───── EXTRACTED RECORDS

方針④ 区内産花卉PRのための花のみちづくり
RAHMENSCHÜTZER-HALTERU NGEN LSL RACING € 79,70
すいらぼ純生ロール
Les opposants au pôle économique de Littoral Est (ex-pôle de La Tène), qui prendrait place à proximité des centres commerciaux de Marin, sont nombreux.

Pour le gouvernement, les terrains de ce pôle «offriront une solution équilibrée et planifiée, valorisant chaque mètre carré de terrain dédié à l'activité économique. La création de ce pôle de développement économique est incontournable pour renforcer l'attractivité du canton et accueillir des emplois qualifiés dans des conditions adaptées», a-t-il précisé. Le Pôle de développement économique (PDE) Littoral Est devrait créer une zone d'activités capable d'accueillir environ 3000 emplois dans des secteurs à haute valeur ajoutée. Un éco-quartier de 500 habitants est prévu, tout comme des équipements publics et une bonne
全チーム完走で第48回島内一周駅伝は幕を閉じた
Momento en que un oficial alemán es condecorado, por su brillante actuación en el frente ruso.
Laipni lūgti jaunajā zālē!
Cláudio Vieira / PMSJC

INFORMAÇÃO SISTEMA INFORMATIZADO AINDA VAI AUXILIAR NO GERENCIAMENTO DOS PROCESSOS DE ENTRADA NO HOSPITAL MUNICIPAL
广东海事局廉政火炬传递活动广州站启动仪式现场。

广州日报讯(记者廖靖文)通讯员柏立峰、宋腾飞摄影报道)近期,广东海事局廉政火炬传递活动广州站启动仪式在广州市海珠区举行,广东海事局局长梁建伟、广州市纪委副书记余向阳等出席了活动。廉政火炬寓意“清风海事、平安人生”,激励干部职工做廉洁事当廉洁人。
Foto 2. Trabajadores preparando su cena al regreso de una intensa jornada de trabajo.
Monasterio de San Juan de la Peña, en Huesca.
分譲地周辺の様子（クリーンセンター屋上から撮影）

──────────
───── EXTRACTED RECORDS

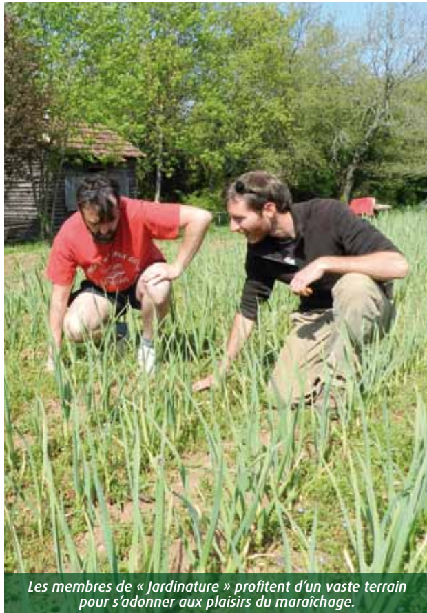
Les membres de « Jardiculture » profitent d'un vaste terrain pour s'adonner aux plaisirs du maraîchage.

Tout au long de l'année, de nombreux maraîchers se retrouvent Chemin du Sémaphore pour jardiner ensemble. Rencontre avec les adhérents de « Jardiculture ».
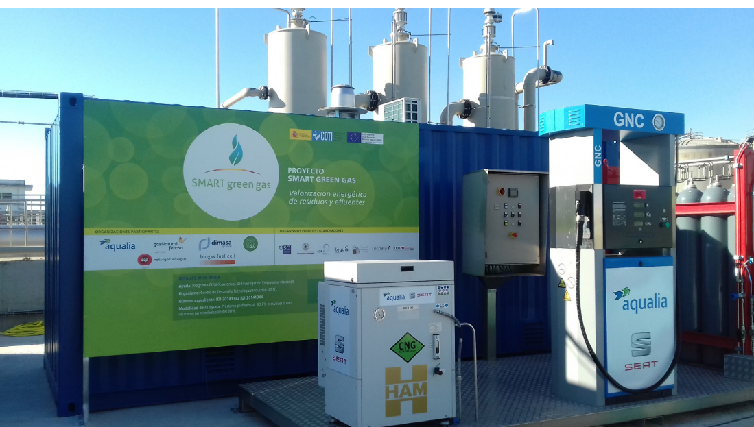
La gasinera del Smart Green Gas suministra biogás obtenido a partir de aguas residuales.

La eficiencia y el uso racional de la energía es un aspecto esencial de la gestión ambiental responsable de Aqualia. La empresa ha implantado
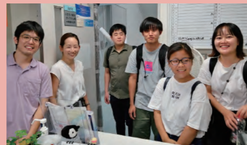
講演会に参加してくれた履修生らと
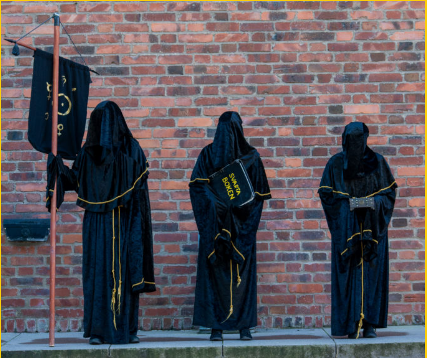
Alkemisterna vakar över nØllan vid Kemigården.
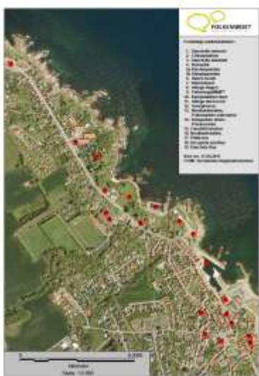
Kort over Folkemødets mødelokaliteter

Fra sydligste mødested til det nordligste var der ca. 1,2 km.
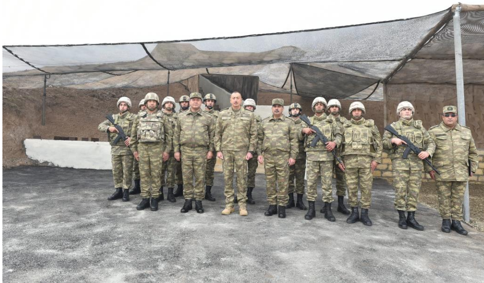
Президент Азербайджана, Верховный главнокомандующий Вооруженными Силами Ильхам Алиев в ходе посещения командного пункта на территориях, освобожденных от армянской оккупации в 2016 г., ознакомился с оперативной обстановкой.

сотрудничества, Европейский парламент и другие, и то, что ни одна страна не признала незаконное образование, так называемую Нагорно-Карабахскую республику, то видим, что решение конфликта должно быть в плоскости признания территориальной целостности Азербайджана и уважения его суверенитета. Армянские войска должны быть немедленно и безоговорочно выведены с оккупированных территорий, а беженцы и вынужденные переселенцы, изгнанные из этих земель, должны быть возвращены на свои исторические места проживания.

──────────

**EXERCISE PROMPT**
Although the records above contain pictures, the copy must not; set down exactly the lines from the one with "Fra sydligste mødested" up to and including the one with "Президент Азербайджана, Верховный".

**RESPONSE FOR THIS EXERCISE**
Fra sydligste mødested til det nordligste var der ca. 1,2 km.
Президент Азербайджана, Верховный главнокомандующий Вооруженными Силами Ильхам Алиев в ходе посещения командного пункта на территориях, освобожденных от армянской оккупации в 2016 г., ознакомился с оперативной обстановкой.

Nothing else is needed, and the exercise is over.